When You Eat Makes A Difference

If you want to get the most from a healthy diet, when you eat is important. One of the things that I tell clients in Oceanside, CA is to have an easy to digest high carb snack with a little protein about an hour or so before working out. It helps boost your energy level and allows you to get the most from a workout. It should also have some protein. Food like a banana, mango or grapes in some unsweetened yogurt is a good combination.

If you eat most of your calories in the morning, you’ll be more apt to lose weight.

There’s many studies that point to eating earlier in the day as a weight control technique. Not only does eating early help you shed weight, it also helps hormone regulation, improves cholesterol levels, normalizes blood sugar and help with metabolic functions. One study showed that people who ate half their calories at breakfast lost twice as much weight over twelve weeks as those that ate half their daily calories at their evening meal.

Eating your carbs in the morning is important.

Eating early is important, but so is what you eat. Your early hours should contain most of your carbs. Not only is there more opportunity to burn off those carbs, rather than allowing them to be stored as fat when you sleep, it also helps keep insulin levels more consistent throughout the day, which reduces the risk of heart disease and diabetes. In fact, some studies show that eating more food earlier in the day made it easier for people to maintain a healthy diet.

Eating patterns can be a form of intermittent fasting.
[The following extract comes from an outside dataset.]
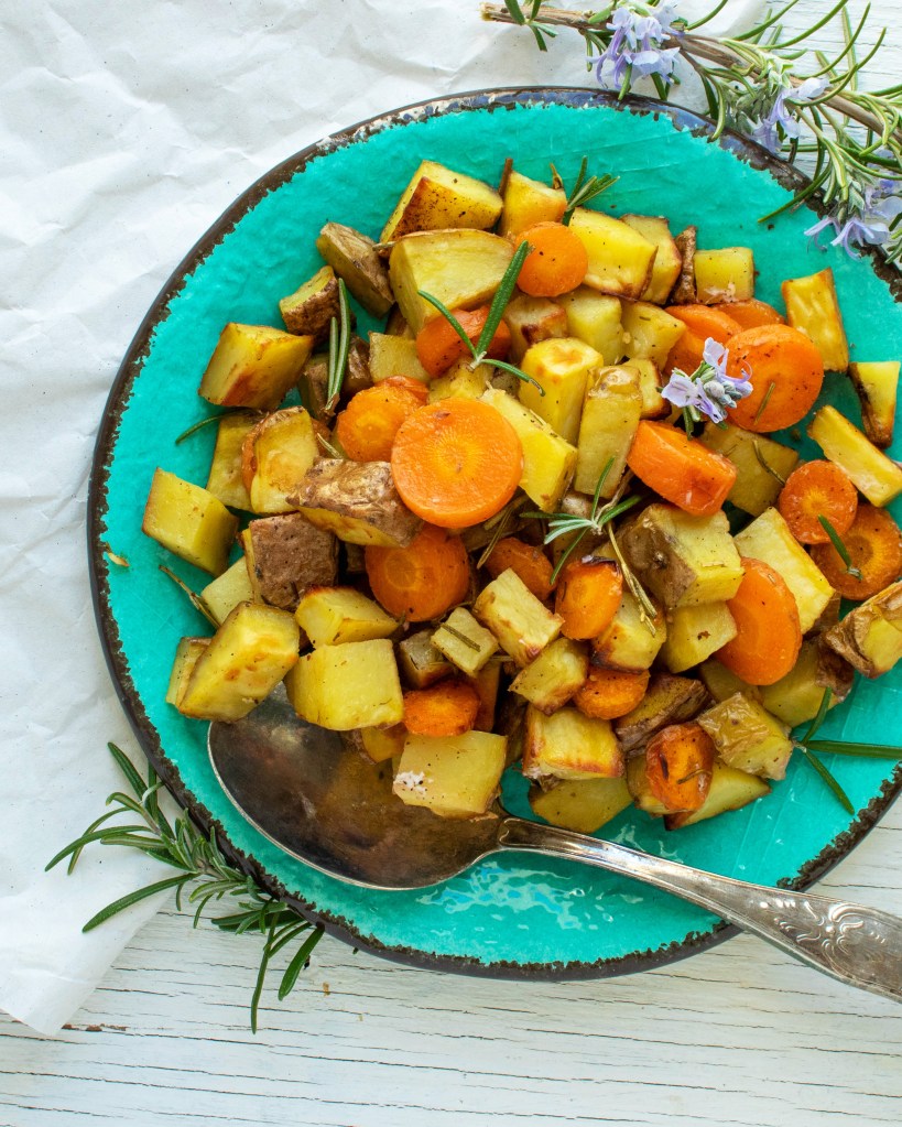 Disporre su una teglia e condire con sale, pepe, rosmarino e olio. Mescolare e infornare a 180°C per 20 minuti e poi alzare a 200°C per altri 10 minuti o fino a quando le patate sono ben dorate. Servire subito. Buon appetito!

Intermittent fasting is a way of timing your eating. For many years there have been studies that showed it was good for health, much like a reboot on the computer. You don’t have to go without eating for days, you can achieve the same results by timing your meals. Just by making a few changes, like eating breakfast 90 minutes later and eating supper 90 minutes earlier, you’re doing intermittent fasting. A study showed this type of eating pattern also helped people who followed it lost twice as much as the control group that ate normally.

  • It’s important to allow a big meal to digest at least two or three hours before you go to bed, rather than going to sleep on a full stomach. That can create problems like acid reflux and weight gain.
  • If you try intermittent fasting use the 8/16 hour method. Eat all your food in an eight hour window and fast for the sixteen hours.
  • Eating a small amount of carbs and protein after a workout is important, too. It helps your body build muscle tissue.
  • Whether you choose to go with intermittent fasting or not, eating lighter dinners and more at breakfast and lunch will help you shed weight.